Given entries: Begin

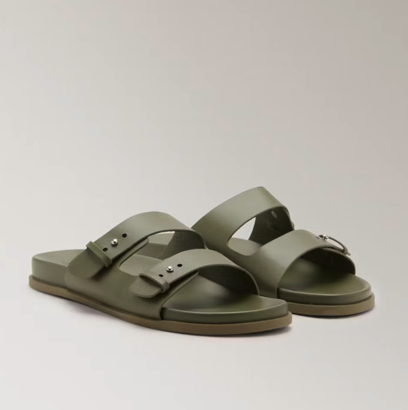My thought process here was to keep the whole leg line continuous with an olive shoe. Madewell has these olive double strap sandals right now that are selling out everywhere, and those popped into my brain, but they’re only available in size 5 or 10. So instead, I chose these very cool sandals from Mango.
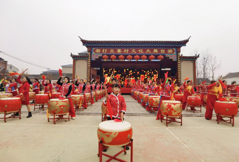 Photo shows a drum performance of a "village gala" in Dalanzhai village, Dingluan township, Changyuan city, central China's Henan Province. (People's Daily Online/Wang Shaoshao)
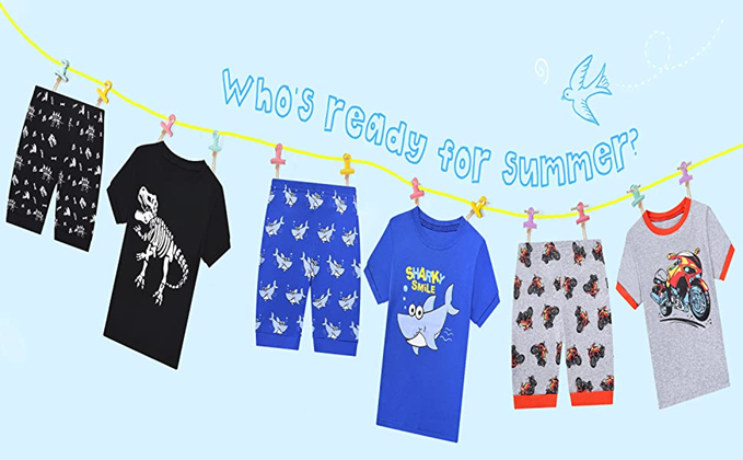 • ♥ {Add a Splash of Vibrant Design to Summertime}: Nightwear for kids designed with adorable printing - colorful and fun dinosaurs, vivid Dino bones, friendly shark, playful excavator and car decorate these pajamas to inspire dreams. Hug your little one for a safe and cozy night's rest.
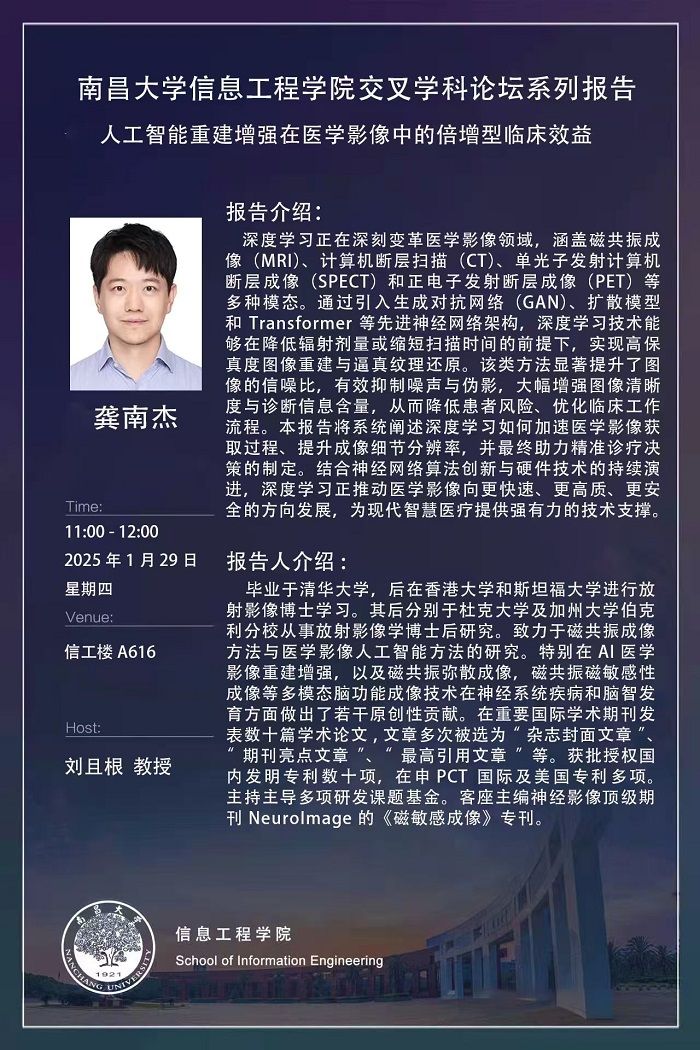 南昌大学信息工程学院交叉学科论坛系列报告:人工智能重建增强在医学影像中的倍增型临床效益
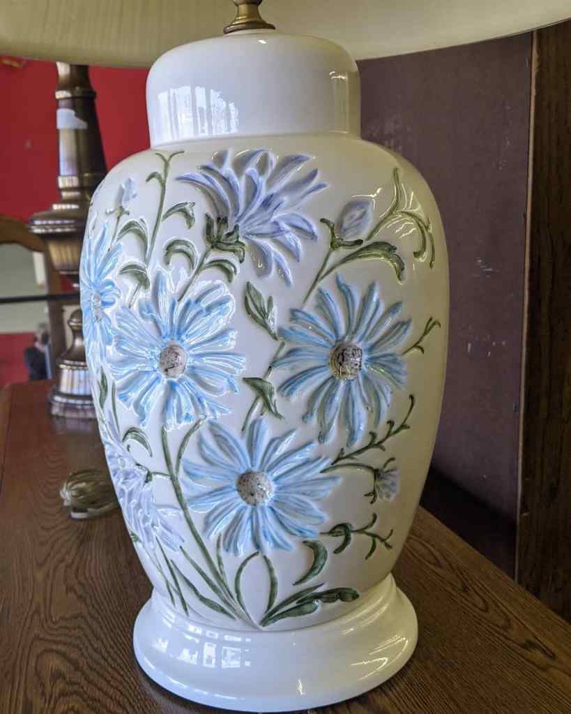 And then there was the lamp with the happy, blue daisies. I really liked it a lot. The daisies are not just painted on the flat surface; but are deeply shaped into the glass or maybe it’s glazed pottery… could be.(I looked it up, it’s ceramic. It’s also truly vintage and possibly worth a few.) But I don’t need this lamp and the shade was in bad shape. I settled for taking a picture and left it there. But I really wish to own it. I fear I’m in great danger of setting my affections on things of this earth, again.

Given entries: End

* The problem
Apart from the images, reproduce the listing exactly as it appears.

* Exercise answer
My thought process here was to keep the whole leg line continuous with an olive shoe. Madewell has these olive double strap sandals right now that are selling out everywhere, and those popped into my brain, but they’re only available in size 5 or 10. So instead, I chose these very cool sandals from Mango.
 Photo shows a drum performance of a "village gala" in Dalanzhai village, Dingluan township, Changyuan city, central China's Henan Province. (People's Daily Online/Wang Shaoshao)
 • ♥ {Add a Splash of Vibrant Design to Summertime}: Nightwear for kids designed with adorable printing - colorful and fun dinosaurs, vivid Dino bones, friendly shark, playful excavator and car decorate these pajamas to inspire dreams. Hug your little one for a safe and cozy night's rest.
 南昌大学信息工程学院交叉学科论坛系列报告:人工智能重建增强在医学影像中的倍增型临床效益
 And then there was the lamp with the happy, blue daisies. I really liked it a lot. The daisies are not just painted on the flat surface; but are deeply shaped into the glass or maybe it’s glazed pottery… could be.(I looked it up, it’s ceramic. It’s also truly vintage and possibly worth a few.) But I don’t need this lamp and the shade was in bad shape. I settled for taking a picture and left it there. But I really wish to own it. I fear I’m in great danger of setting my affections on things of this earth, again.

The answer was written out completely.